Prior to a hearing, I was advised by a staff attorney that additional evidence would be needed to more clearly establish the onset of the claimant’s disability. The neurologist had no problem providing a relatively short narrative report explaining the onset of the claimant’s disability. After the narrative was submitted, the claimant did in fact receive a fully favorable decision. 

It is unclear if the elevated burden of proof for SSD applications, which according to SSA employees has been in place for about two years, is intended to be permanent. If it is, a study should be done to determine if the extra work resources used to evaluate applications now is costing more than the money saved on denied applications that would have been approved. Perhaps more importantly, what are the demographics of those additional applicants who are now being denied? For example, are those new denials mostly comprised of unrepresented claimants, or claimants who cannot afford treatment?

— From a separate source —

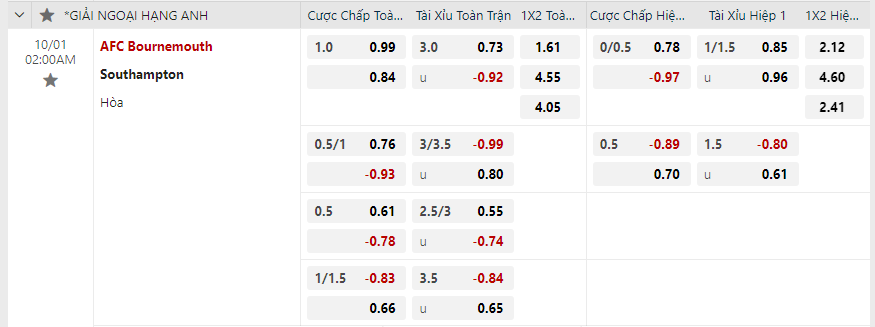 Soi kèo hiệp 1 Bournemouth vs Southampton
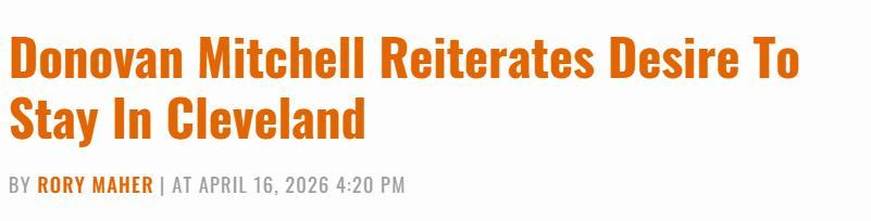 北京時間4月17日,騎士核心多諾萬-米切爾明年將擁有自由球員資格:他2026–27賽季薪資爲5010萬美元,2027–28賽季手握5380萬美元的球員選項。今年夏天,米切爾有資格提前續約一份爲期四年、總價值預計2.77億美元的合同。近日,他接受了The Athletic的專訪。

Patchogue Problems Persist

Social Security’s Patchogue District Office has a history of failing to provide the same level of service compared to other offices. Although their mistakes are eventually corrected at the hearing level, the delay imposes hardship on claimants in the interim. 

 On October 4, 2012, I filed an application seeking Social Security Disability (“SSD”) benefits for a 56 year old landscaper, who suffers from diabetes and arthritis. The claimant’s SSA-16 form stated that the claimant stopped working for FedEx on July 7, 2012, which specified that the FedEx employment should be considered an unsuccessful work attempt (“UWA”) because it lasted less than three months. Since FedEx was irrelevant because it was an UWA, the claimant’s SSA-3368 form stated that the claimant stopped working, as a landscaper, in 2007. 

In June 2012, the State agency found the claimant became disabled from his heavy work as a landscaper on July 7, 2012, by giving controlling weight to the opinion of the treating physician. The obvious question was why was the claimant found disabled as of July 7, 2012 instead of 2007. To learn the answer we tried to call Patchogue. 

Despite repeated messages, nobody from the Patchogue District Office would return our calls after we learned that the State agency applied a July 7, 2012 onset date. We had to call another local office to try get information. Ms. Henpfling from the Riverhead District Office told us that Patchogue failed to follow protocol when a claimant’s application contains discrepant onset dates in the SSA 16 and SSA 3368. Without making any attempt to contact our office, and without the permission or authority of the claimant or us, Patchogue took it upon themselves to cross out the year 2007 on the claimant’s SSA 3368, and handwrote in July 7, 2012 for the onset date. 

Patchogue’s error was corrected by the Jericho hearing office today, as the claimant received a fully favorable decision with the correct onset date. The end result is that the claimant will be awarded more than a year of additional benefits, but it took nearly two years to get the error corrected. Not only did the delay make it difficult for the claimant to pay his bills, but it also wasted the time of the hearing office, all of which could have been avoided if Patchogue would answer a phone.